I expect the input array to be large (256 to 4096 elements) and the values to be small (3 to 5 bits). Also, I expect the array to be sparse i.e. many small values and few large values.

I am primarily concerned with latency; area is not quite as important.

My current implementation that uses a comparator tree looks something like this:

implicit class reduceTreeOp[A](seq: Seq[A]) {
  def reduceTree[B >: A](op: (B, B) => B): B = {
    if(seq.length == 0)
      throw new NoSuchElementException("cannot reduce empty Seq")
    var rseq: Seq[B] = seq
    while(rseq.length != 1)
      rseq = rseq.grouped(2).toSeq
        .map(s => if(s.length == 1) s(0) else op(s(0), s(1)))
    rseq(0)
  }
}
val (value, index) = array
  .zipWithIndex
  .map{case (v, i) => (v, i.U)}
  .reduceTree[(UInt, UInt)]{case ((val1, idx1), (val2, idx2)) =>
    val is1 = val1 >= idx2
    ( Mux(is1, val1, idx2),
      Mux(is1, idx1, idx2))
  }

FWIW this is designed for 7nm hardware; though I doubt this actually matters to my question.


Solution

  • I found an algorithm that works by inverting the array. Essentially, a new array is created with a slot for each possible value, each element of the original array is sorted into a slot depending on the value, and finally, the new array can be priority encoded to find the highest slot with an element.

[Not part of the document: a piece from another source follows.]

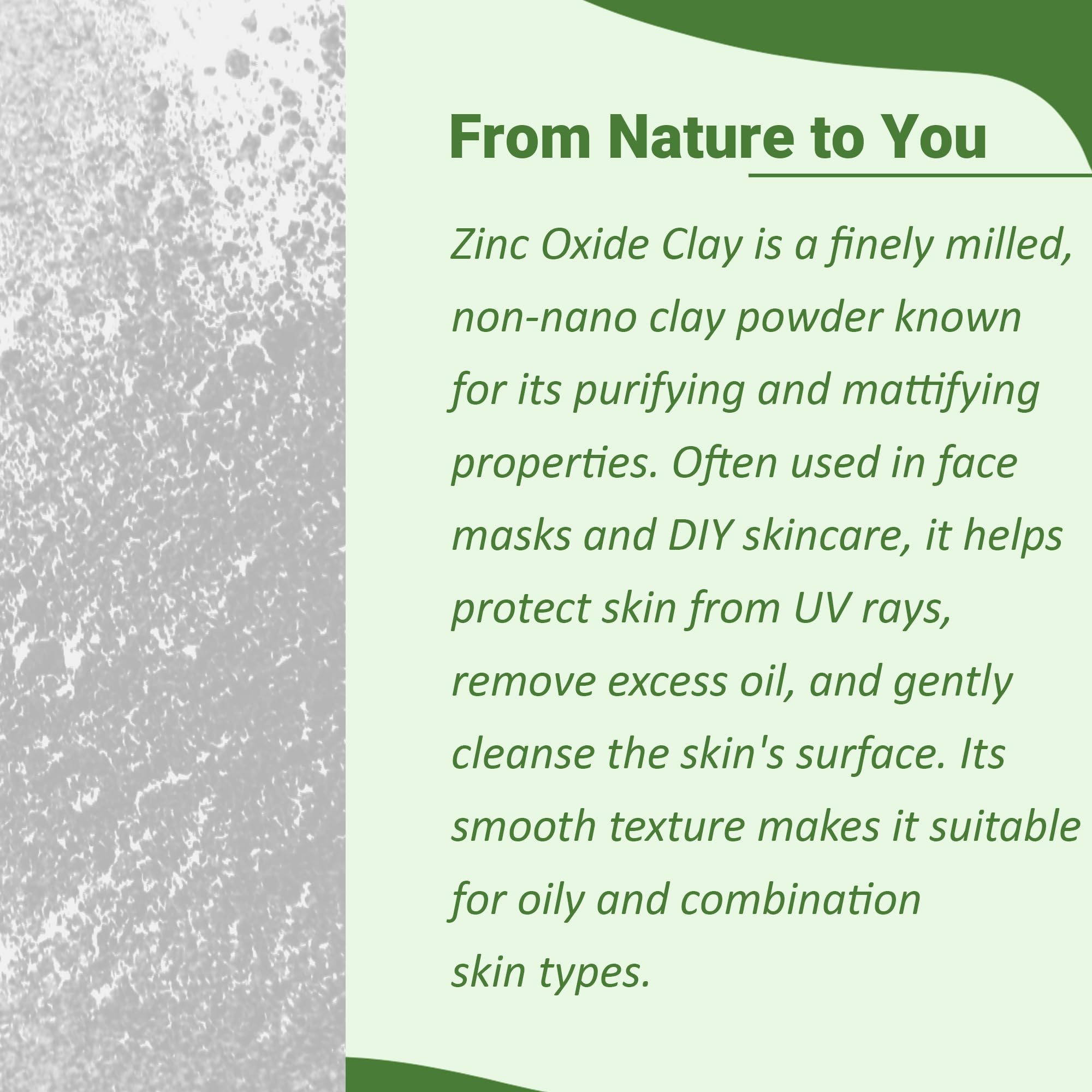 Mi Nature Zinc Oxide Powder 227g (8oz)Mi Nature Zinc Oxide Powder is a high-quality cosmetic-grade ingredient suitable for various DIY skin and hair care applications. Finely milled and pure it is ideal for those who prefer creating their own natural care products with simple clean ingredients.Key Features: Finely milled cosmetic-grade zinc oxide powder Suitable for external use in DIY skincare and hair care recipes Commonly used in oil-balancing formulations Blends well with clays butters and herbal powders Free from additives fillers and synthetic ingredients Comes in a resealable pouch for convenience and freshnessHow to Use:Mix with ingredients such as aloe vera powder rose water clays or carrier oils to create customized face masks lotions balms or hair packs. Always perform a patch test before full application. For external use only.Whether you are a DIY enthusiast or looking for a pure ingredient to enhance your personal care routine Mi Nature Zinc Oxide Powder is a reliable and versatile addition to your daily regimen.

    The implementation looks something like the following:

    // VALUE_SPACE: number of possible values
    val exists = WireDefault(VecInit(Seq.fill(VALUE_SPACE)(false.B)))
    val index = Wire(Vec(VALUE_SPACE, UInt(log2ceil(array.length).W)))
    index := DontCare
    
    array.zipWithIndex.foreach{case (v, i) =>
      exists(v) := true.B
      index(v) := i.U
    }
    
    maxVal := VALUE_SPACE.U - PriorityEncoder(exists.reverse)
    maxidx := PriorityMux(exists.reverse, index.reverse)
    

    This algorithm gave me approximately 2.5x speedup over the comparator tree when using an array with 256 4-bit elements. However, it used much more area, and it probably only has benefit if the number of possible values is very small.